"I'd known him four years when I realized he
was a liar. It was shocking. Mr. Josie, who'd run the bar in Key West, came to
see him in Havana. He saw Ernest only once because Ernest was writing and then
Josie got so drunk he was arrested and put in a straitjacket and he died.
Ernest said: 'I couldn't see him because Marty wanted to spend the day on the
boat.' It was a lie. I never wanted to go on the boat. Anything uncomfortable
he off-loaded with a lie. He lied about everything.”--Martha Gellhorn on ex-husband
Ernest Hemingway, quoted in Nicholas Shakespeare, “Martha Gellhorn,” Granta, Summer 1998
It’s hard to say what annoyed her more about Ernest Hemingway—his lying or the fact that his literary career left her own very
solid and honorable one dimmed by comparison.
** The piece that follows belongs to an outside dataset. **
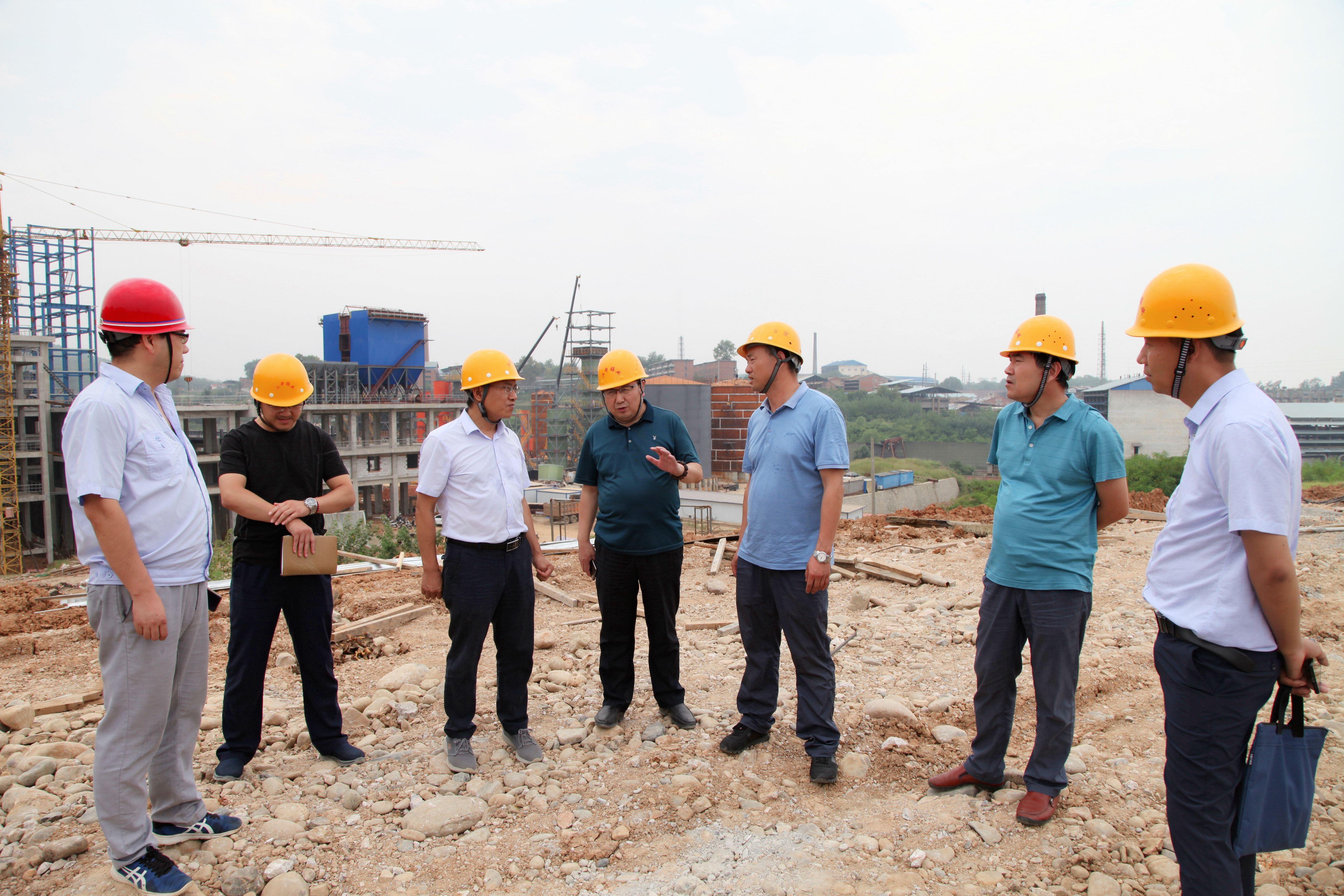 烈日當頭,在公司總經理王正民、副總經理王瑜,副總工程師張焰,機動能源部負責人蔣春華等陪同下,劉俊華一行參觀了公司渣處理項目現場。然后順著山路爬上高坡,實地察看渣處理項目供電架空高壓線路走向、鐵塔位置以及35kv變電站施工進展情況。
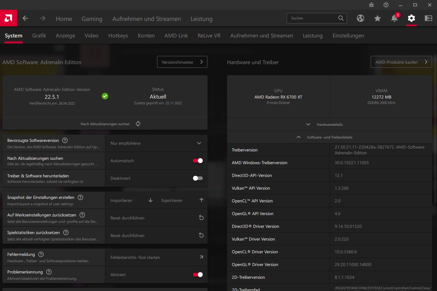 Der Grafikkartentreiber ist auch auf dem neuesten Stand.

After the end of her marriage,
when she correctly predicted that the Nobel Prize laureate’s behavior had
become so extreme that he would commit suicide, Martha Gellhorn probably could not imagine that she would share a
similar fate.
But on this date in 1998, nearly totally blind, her
body cancer-ridden, the longtime war correspondent—having braved traveling in
combat zones, even surviving rape nearly 10 years before—found that, like her
ex-husband, she could no longer go on living, and killed herself.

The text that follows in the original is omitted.